[Activity] Omitting all pictures, copy word for word the lines from the line containing "Ultimately, step back" through the final line of the entries.
++++ Stored data
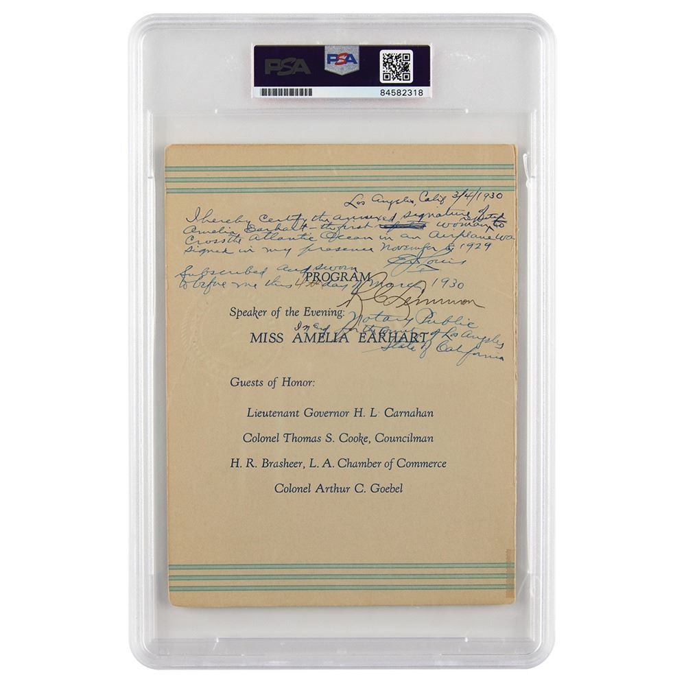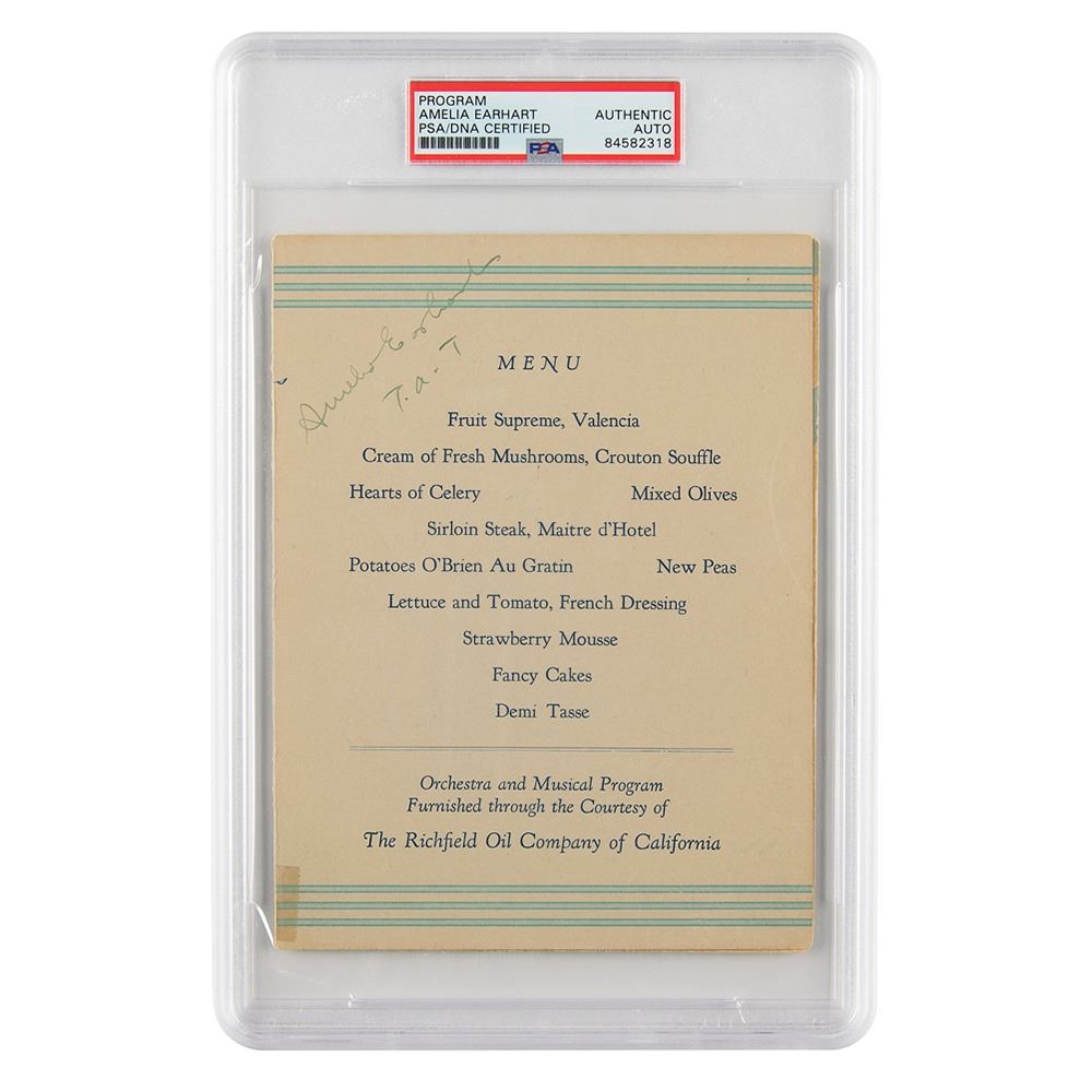 Program for a dinner organized by the Women's Traffic Club of Los Angeles in honor of Amelia Earhart, held at the Alexandria Hotel on November 8, 1929, 5.5 x 7.25, signed inside on the menu in fountain pen, "Amelia Earhart, T.A.T." The opposite side bears a notary stamp and signature, and handwritten notations stating that the program was signed on the date of the dinner. In fine condition, with a small piece of tape to a lower corner. Encapsulated in a PSA/DNA authentication holder.
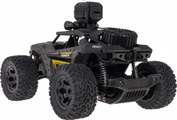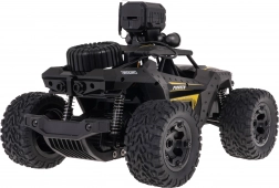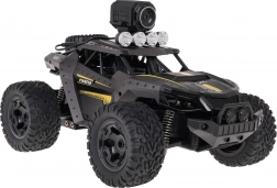 Zdalne sterowanie na częstotliwości 2,4 GHz gwarantuje płynne prowadzenie bez zakłóceń, w tym precyzyjną regulację kierunku (trym). Wbudowana kamera HD pozwala nagrywać dynamiczne ujęcia z jazdy; dzięki uchwytowi na telefon na kontrolerze wygodnie śledzisz obraz w aplikacji mobilnej (kod QR do pobrania w zestawie). Przednie światła LED poprawiają widoczność i dodają realistycznego wyglądu.
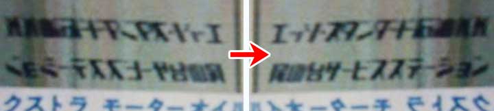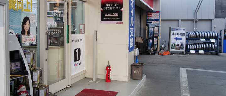 ![]() ![]() (撮影・2014・03・06) ![]() ![]() (撮影・2014・03・06) このガソリンスタンドは何処なのだろう。冒頭に登場した百合ケ丘駅付近なのだろうか。 スタンドの事務室のドアのガラスに文字が書いてある(赤円内)。ドアは開いているので裏側から読むことになる。「エッソ」のスタンドらしい。〇〇〇サービスステーション?何て書いてあるんだろう。画像を左右反転してちゃんとした方向にすれば読めるかもしれない。 やってみるもんですね、わかりました。 「エッソスタンダード石油K.K.」「尾山台サービスステーション」 こう書いてあったんですね。尾山台?あの世田谷の? 検索してみました。ありました。ちゃんと今でも営業していてくれました。おそらく間違いないでしょう。 洗車してもらいました。その間にパチリ。 ![]() より大きな地図で 駅前漫画のガソリンスタンド を表示 |
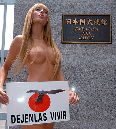中新網(wǎng)12月3日電 綜合報道,12月1日,阿根廷模特Vanessa Carbone裸體手持“讓它們活下去”的牌子站在日本駐圣地亞哥大使館門前抗議捕鯨和非法販運獸皮。這個抗議活動要求智利政府下令宣布其在太平洋的領(lǐng)海為鯨魚保護(hù)區(qū)。
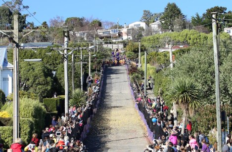 Avec une pente à 19 degrés (35%), la petite rue, située dans la ville de Dunedin, attire beaucoup de touristes.
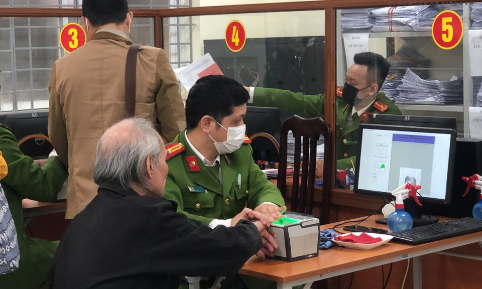 Lực lượng Công an thu nhận thông tin cấp thẻ Căn cước công dân gắn chíp cho người dân để phục vụ việc cấp tài khoản định danh điện tử.
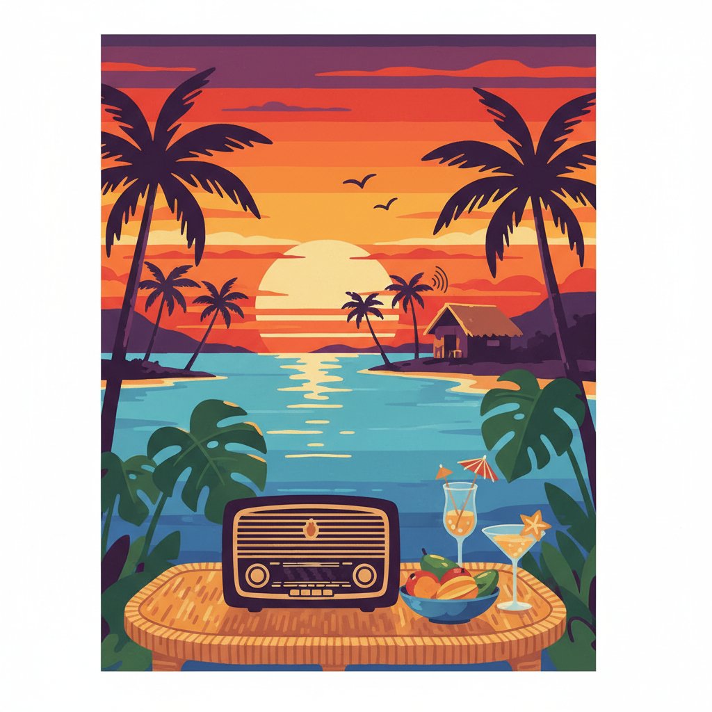 Ultimately, step back and admire your finished masterpiece. Therefore, you’ve created a stunning tribute to vintage broadcasting that radiates tropical warmth. Your completed artwork captures the essence of golden hour entertainment perfectly.
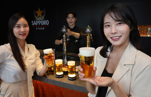 10일 서울 성동구 삿포로 맥주 최초의 해외 매장인 ‘삿포로 프리미엄 비어스탠드’에서 모델들이 맥주를 선보이고 있다. 일본 도쿄 핫플레이스인 긴자의 ‘삿포로 생맥주 블랙 라벨 더 바’를 재현해 12일 문을 연다.
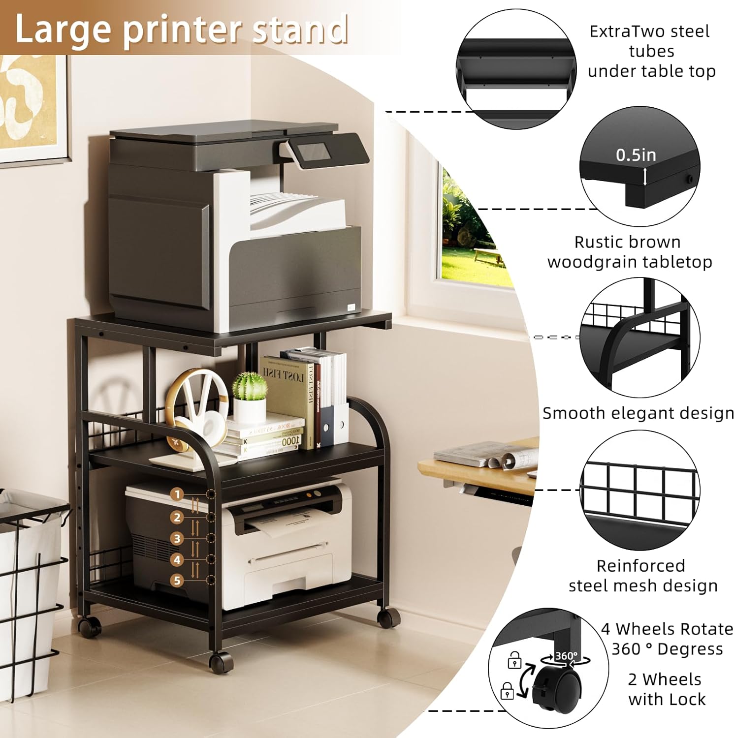 Lerliuo Large Printer Stand with Storage, 23.6"W x 18.9"D x 30.2"H, 5-Adjustable Shelf Heights Mobile 3 Tier Table with Lockable Wheels, Industrial Rolling Printer Cart, Black Stands for Home Office
++++++++
[Exercise result]
 Ultimately, step back and admire your finished masterpiece. Therefore, you’ve created a stunning tribute to vintage broadcasting that radiates tropical warmth. Your completed artwork captures the essence of golden hour entertainment perfectly.
 10일 서울 성동구 삿포로 맥주 최초의 해외 매장인 ‘삿포로 프리미엄 비어스탠드’에서 모델들이 맥주를 선보이고 있다. 일본 도쿄 핫플레이스인 긴자의 ‘삿포로 생맥주 블랙 라벨 더 바’를 재현해 12일 문을 연다.
 Lerliuo Large Printer Stand with Storage, 23.6"W x 18.9"D x 30.2"H, 5-Adjustable Shelf Heights Mobile 3 Tier Table with Lockable Wheels, Industrial Rolling Printer Cart, Black Stands for Home Office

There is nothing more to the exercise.